> _PROBLEM_
No pictures, please. Output the lines from the start of the data through the line that contains "The spacious high", both included, exactly as they stand.

> _MATERIAL PROVIDED_
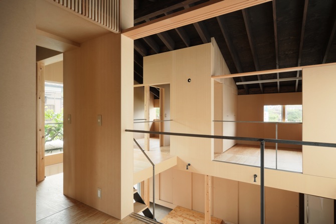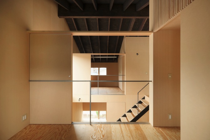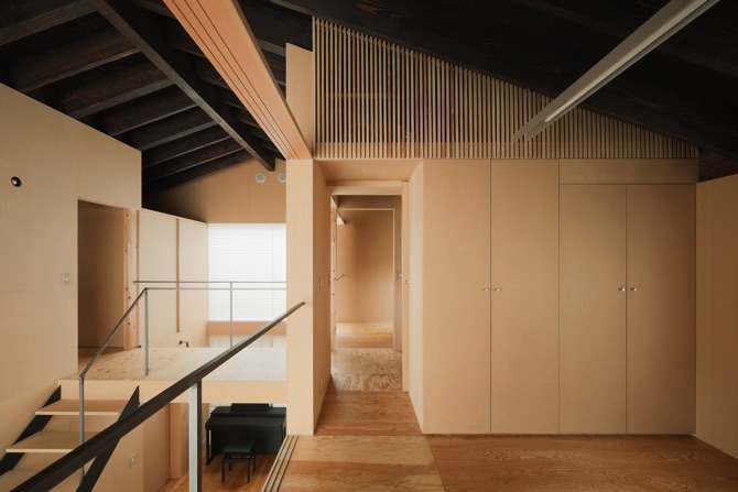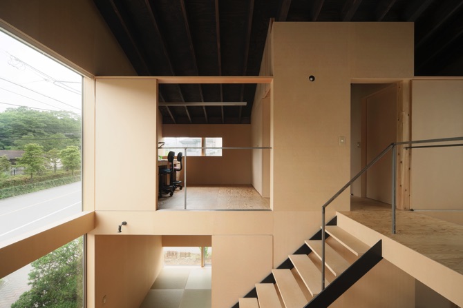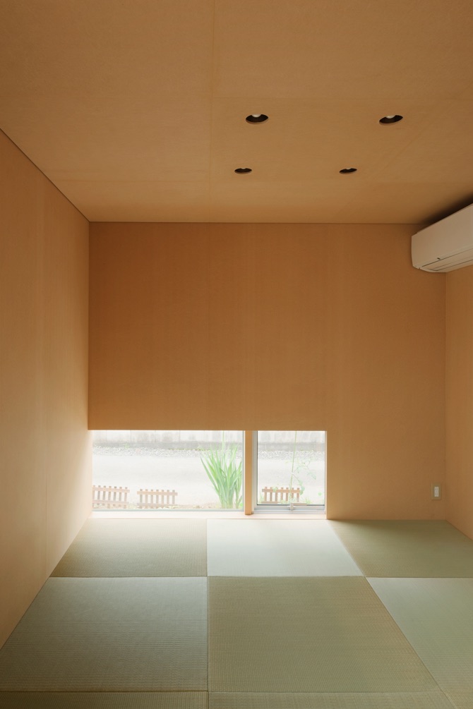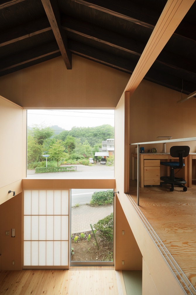 The house was planned as a ‘detached house’ for the children in what used to be the front garden of the main house of the parents' household. Therefore, the volume of the house is kept as low and simple as possible so as not to impact on the environment of the main house. The central part of the symmetrical composition is the atrium, which has a large opening so that the view can penetrate through the space. When looking at the building from the street, we wanted the viewer to be able to penetrate the interior space through the windows and become aware of the exterior space behind it. The exterior, on the other hand, is plain siding with a clear paint finish to make it as rustic as possible. The sliding sash at the bottom of the opening was made from ready-made materials, while the upper fix sash was fabricated on site to match the width of the lower sash. The simple fix sash, made from aluminium steel and timber, looks cleaner than off-the-shelf products, but does not have the ostentatious factory-fabricated appearance. The interior walls are made of MDF and the frames of the openings are also finished in MDF. The view from the window passes through the light material of the MDF to the window on the other side.
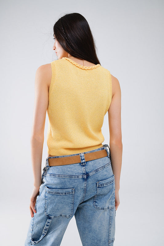Jersey amarillo sin mangas con cuello redondo y detalle de trenza en el escote
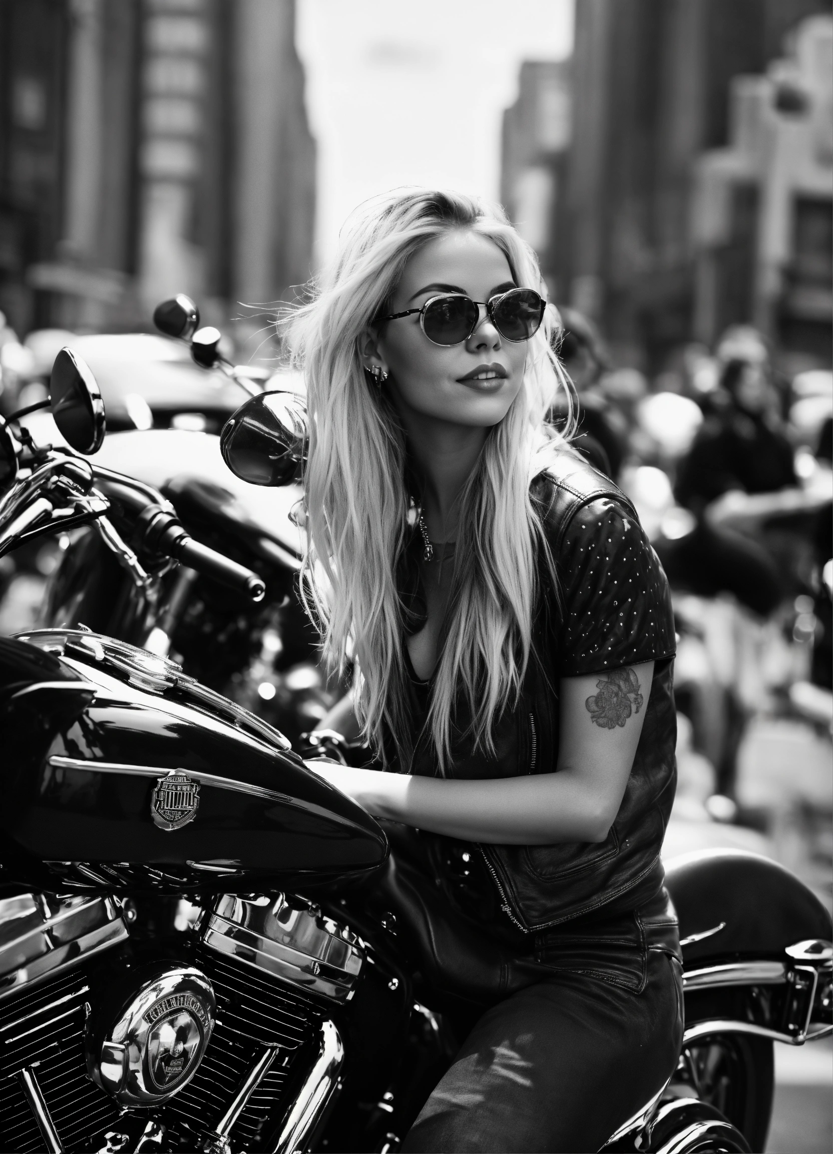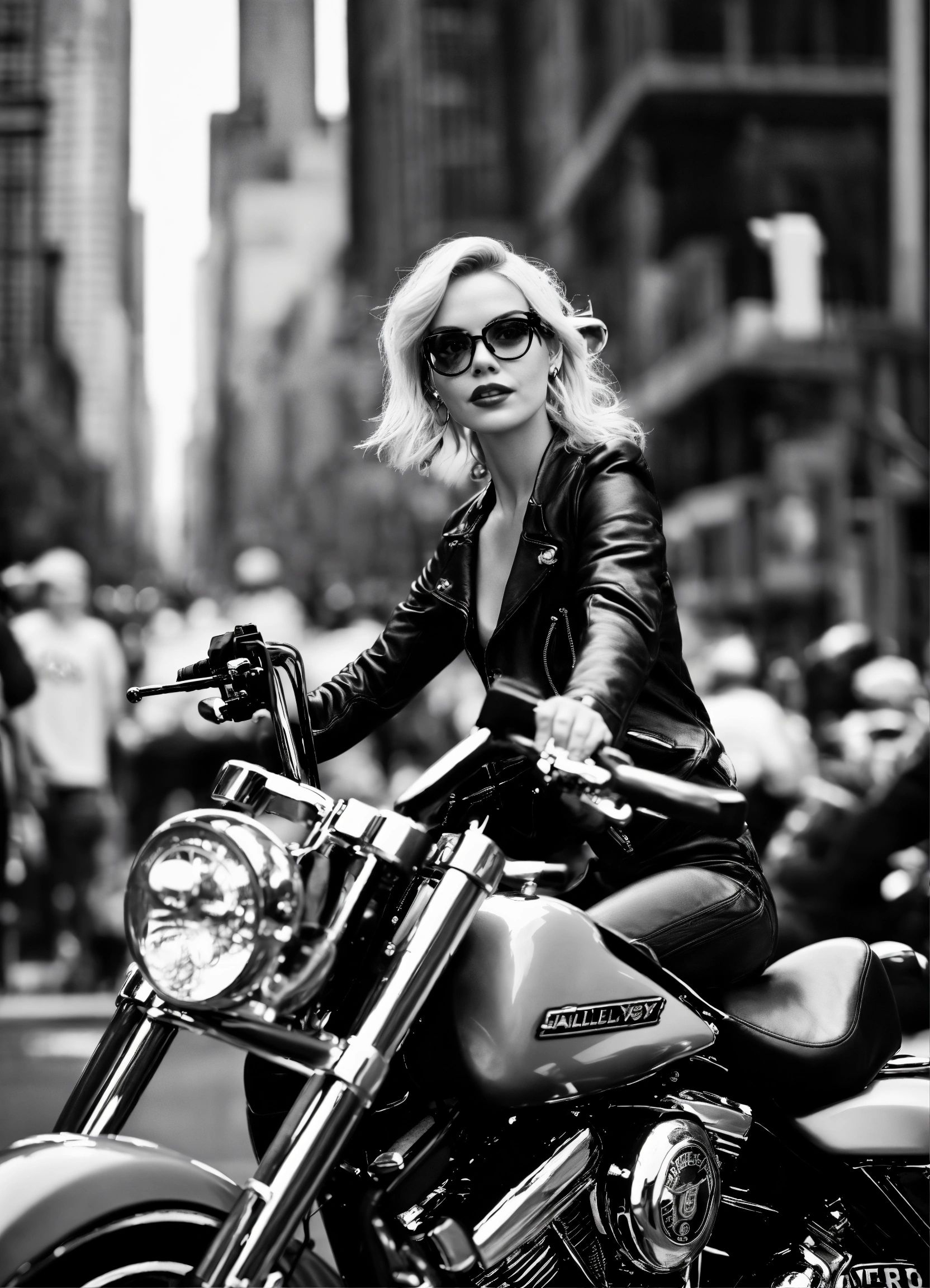 A blonde girl with eyeglasses on harley davidson moto in new york and behind her a lot of people in black and white
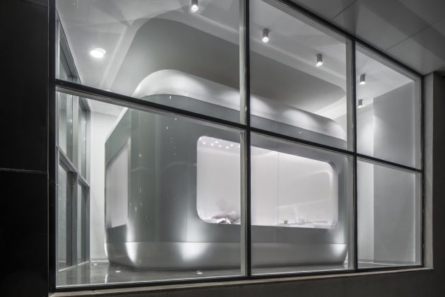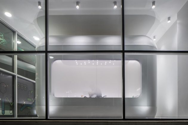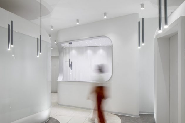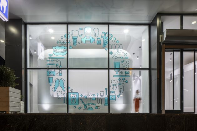 The spacious high ceiling space within the existing building has inspired the designers to fit inside with self-defined height of clinic rooms that are identical flying boxes within the space. These boxes are a showcase of dental rooms and with gradient glassed facade design they enable privacy.
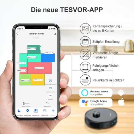 Die Tesvor App arbeitet direkt mit dem Tesvor S4 Saugroboter zusammen. In der App können Karten von bis zu fünf Stockwerken gespeichert und jederzeit abgerufen werden. Es können verbotene Areale angelegt werden, innerhalb welcher der Roboter nie operieren soll. Außerdem können Reinigungszyklen für jeden einzelnen Raum angelegt werden. Wer Haustiere hat oder gerne ständig staubfrei schlafen möchte, kann die betroffenen Räume somit häufiger reinigen lassen. Außerdem können mithilfe der App strenge Zeitpläne für die Reinigung konfiguriert werden, welche der Tesvor S4 dann zuverlässig einhält.
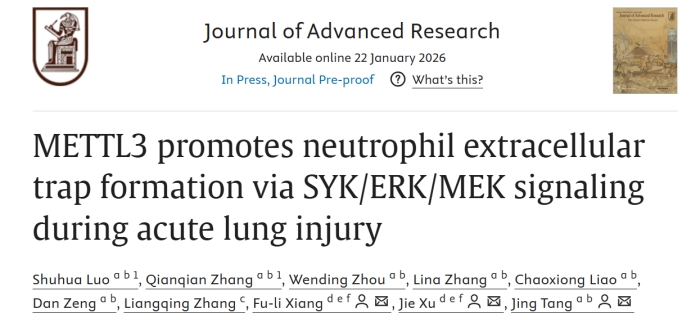 本研究将m6A修饰与中性粒细胞的效应功能紧密联系在一起,为研究其他表观遗传修饰在先天免疫中的作用提供了范式临床/应用价值目前METTL3抑制剂(如STM2457)已在血液肿瘤领域展现潜力,本研究拓展了其在急性炎症性疾病中的应用前景。未来,针对SYK或METTL3的精准干预可能成为ALI及脓毒症治疗的新策略。

> _TASK ANSWER_
 The house was planned as a ‘detached house’ for the children in what used to be the front garden of the main house of the parents' household. Therefore, the volume of the house is kept as low and simple as possible so as not to impact on the environment of the main house. The central part of the symmetrical composition is the atrium, which has a large opening so that the view can penetrate through the space. When looking at the building from the street, we wanted the viewer to be able to penetrate the interior space through the windows and become aware of the exterior space behind it. The exterior, on the other hand, is plain siding with a clear paint finish to make it as rustic as possible. The sliding sash at the bottom of the opening was made from ready-made materials, while the upper fix sash was fabricated on site to match the width of the lower sash. The simple fix sash, made from aluminium steel and timber, looks cleaner than off-the-shelf products, but does not have the ostentatious factory-fabricated appearance. The interior walls are made of MDF and the frames of the openings are also finished in MDF. The view from the window passes through the light material of the MDF to the window on the other side.
Jersey amarillo sin mangas con cuello redondo y detalle de trenza en el escote
 A blonde girl with eyeglasses on harley davidson moto in new york and behind her a lot of people in black and white
 The spacious high ceiling space within the existing building has inspired the designers to fit inside with self-defined height of clinic rooms that are identical flying boxes within the space. These boxes are a showcase of dental rooms and with gradient glassed facade design they enable privacy.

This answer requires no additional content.